Everything between <<SUBMITSCRIPT and SUBMITSCRIPT will get passed to sbatch as if it were a separate script file.

If you do use this approach, note that you must escape any variables! (e.g., \$VAR). This won’t work:

#+BEGIN_SRC bash :results output
  sbatch <<SUBMITSCRIPT
  #!/bin/bash
  #SBATCH --job-name=bad_HEREDOC
  <...>

  NAME=TYLER
  echo $NAME

  SUBMITSCRIPT
#+END_SRC

But this will (note the backslash in front of the $):

#+BEGIN_SRC bash :results output
  sbatch <<SUBMITSCRIPT
  #!/bin/bash
  #SBATCH --job-name=good_HEREDOC
  <...>

  NAME=TYLER
  echo \$NAME

  SUBMITSCRIPT
#+END_SRC

A further wrinkle: this uses a heredoc, and heredocs need to write a temp file. By defaul this goes in /tmp, and in some cases /tmp may be full. If that happens, you’ll get an error

cannot create temp file for here-document: No space left on device

All users can write to /tmp, so you can’t fix this yourself. You can change the location where your heredoc gets written, though:

#+BEGIN_SRC bash :results output
  export TMPDIR=/path/to/your/personal/tmp/directory
  sbatch <<SUBMITSCRIPT
  #!/bin/bash
  #SBATCH --job-name=good_HEREDOC
  <...>

  NAME=TYLER
  echo \$NAME

  SUBMITSCRIPT
#+END_SRC

You may set this permanently by adding the export TMPDIR=... line to your .bashrc on GPSC.

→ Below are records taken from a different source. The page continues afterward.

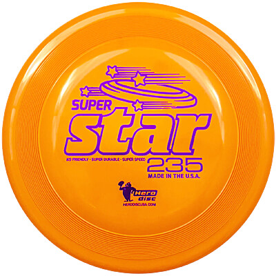 The Hero SuperStar 235 is an opaque durable, bite-resistant disc made from some of Hero Disc's most resilient plastic. It is one of the most stable and predictable dog discs available, and it still has some float so dogs have time to get to it. It cuts through the wind nicely and keeps its flexibility in cold conditions.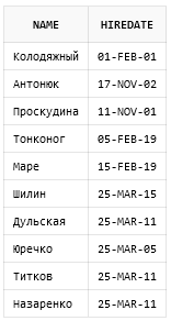 t.Hiredate > TO_DATE('01.01.2001', 'DD.MM.YYYY')) AND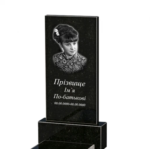 - Влаштування: з постаментом , зі стелою , без майданчика , з надгробною плитою , з неполірованими торцями надгробної плити , неполіровані фаски , 1 портрет ПІБ та дата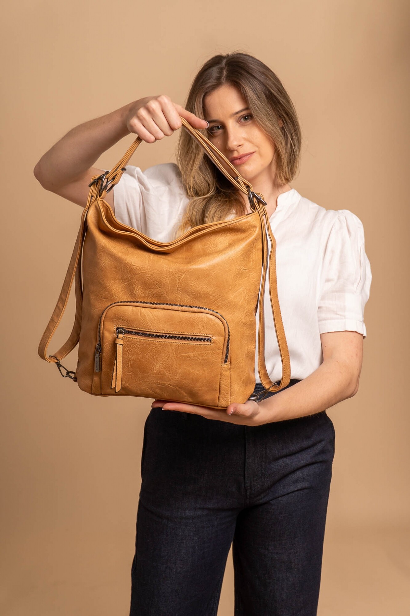 Cartera mochila símil cuero, practica y versátil. Con compartimiento principal amplio y bolsillos frontales con cierre para mayor organización. Correas ajustables y asa superior para llevar al hombro o como una mochila . ideal para uso diario.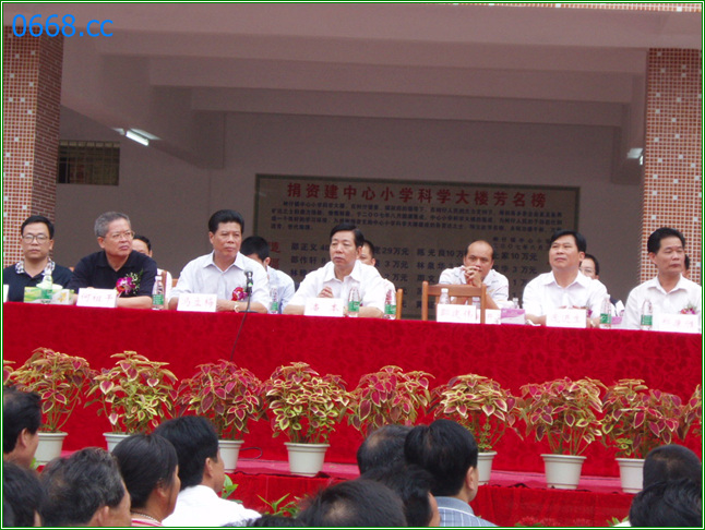 树仔中心小学科学楼落成暨树仔村教育慈善基金会成立庆典仪式! 2007年9月6日.各级领导、各界嘉宾及树仔中心小学全校师生全体欢聚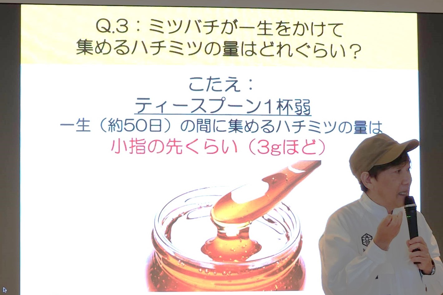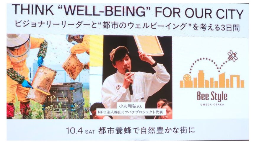 登壇したのは、梅田のまちで都市養蜂を実践している梅田ミツバチプロジェクト理事長・小丸和弘さん

Once a job is submitted, the ID will appear in your local .org file, e.g.:

#+RESULTS:
: Submitted batch job 1385545

You can retrieve info on the run with:

#+BEGIN_SRC bash :results output 
sacct --jobs=1385545 --format=jobid,jobname,state,elapsed,MaxRSS
#+END_SRC

In my case, this generated:

#+RESULTS:
: JobID           JobName      State    Elapsed     MaxRSS 
: ------------ ---------- ---------- ---------- ---------- 
: 1385545      slurm_tes+  COMPLETED   00:00:07 
: 1385545.bat+      batch  COMPLETED   00:00:07      2096K 
: 1385545.ext+     extern  COMPLETED   00:00:07      2088K

Use the format argument to request which details to report. MaxRSS is the maximum amount of RAM used during the run. Other options are available via sacct --helpformat, with more details in the slurm manual.

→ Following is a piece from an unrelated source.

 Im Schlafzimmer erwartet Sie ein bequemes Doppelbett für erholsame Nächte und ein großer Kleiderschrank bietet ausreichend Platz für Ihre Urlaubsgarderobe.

Note that GPSC doesn’t provide the seff command, which you may have used on other clusters.

Linking to files on the remote server

It may be more convenient to manage more complex scripts as stand-alone .sh files on the GPSC. If the configuration above works for you, you can insert a link to remote files in your org file with the syntax:

[[file:/ssh:gpsc:~/path/to/script.sh][My Script]]

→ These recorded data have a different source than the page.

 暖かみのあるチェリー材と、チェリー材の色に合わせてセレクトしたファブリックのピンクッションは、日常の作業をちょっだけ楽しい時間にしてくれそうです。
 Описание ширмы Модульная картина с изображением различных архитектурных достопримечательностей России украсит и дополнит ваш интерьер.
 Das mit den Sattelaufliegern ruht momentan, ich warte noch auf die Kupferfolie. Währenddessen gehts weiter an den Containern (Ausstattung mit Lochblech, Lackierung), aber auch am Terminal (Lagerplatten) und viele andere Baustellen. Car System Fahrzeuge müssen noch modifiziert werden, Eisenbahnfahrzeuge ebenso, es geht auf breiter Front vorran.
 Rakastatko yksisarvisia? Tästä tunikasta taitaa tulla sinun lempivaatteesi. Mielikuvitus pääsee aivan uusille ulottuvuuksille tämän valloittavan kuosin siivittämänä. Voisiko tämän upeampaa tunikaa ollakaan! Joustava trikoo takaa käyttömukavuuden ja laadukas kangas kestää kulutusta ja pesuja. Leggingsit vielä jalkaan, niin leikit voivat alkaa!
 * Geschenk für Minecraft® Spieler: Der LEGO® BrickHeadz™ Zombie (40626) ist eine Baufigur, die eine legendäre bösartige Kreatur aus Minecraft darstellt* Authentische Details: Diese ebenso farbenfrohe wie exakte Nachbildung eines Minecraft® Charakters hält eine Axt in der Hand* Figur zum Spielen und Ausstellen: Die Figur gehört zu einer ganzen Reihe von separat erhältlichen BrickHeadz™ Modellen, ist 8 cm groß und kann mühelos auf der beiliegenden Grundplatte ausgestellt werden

This will create a ‘hotlink’ in your file you can click to open that file in your local Emacs. The default keyboard shortcut for entering links is C-c C-l.

That will allow you to edit the remote file as if it were local. When you’re ready to submit it, you can do that from your local .org file:

#+BEGIN_SRC bash :results output
sbatch script.sh
#+end_src

Note that the location of your script will be relative to the directory you listed in your file header.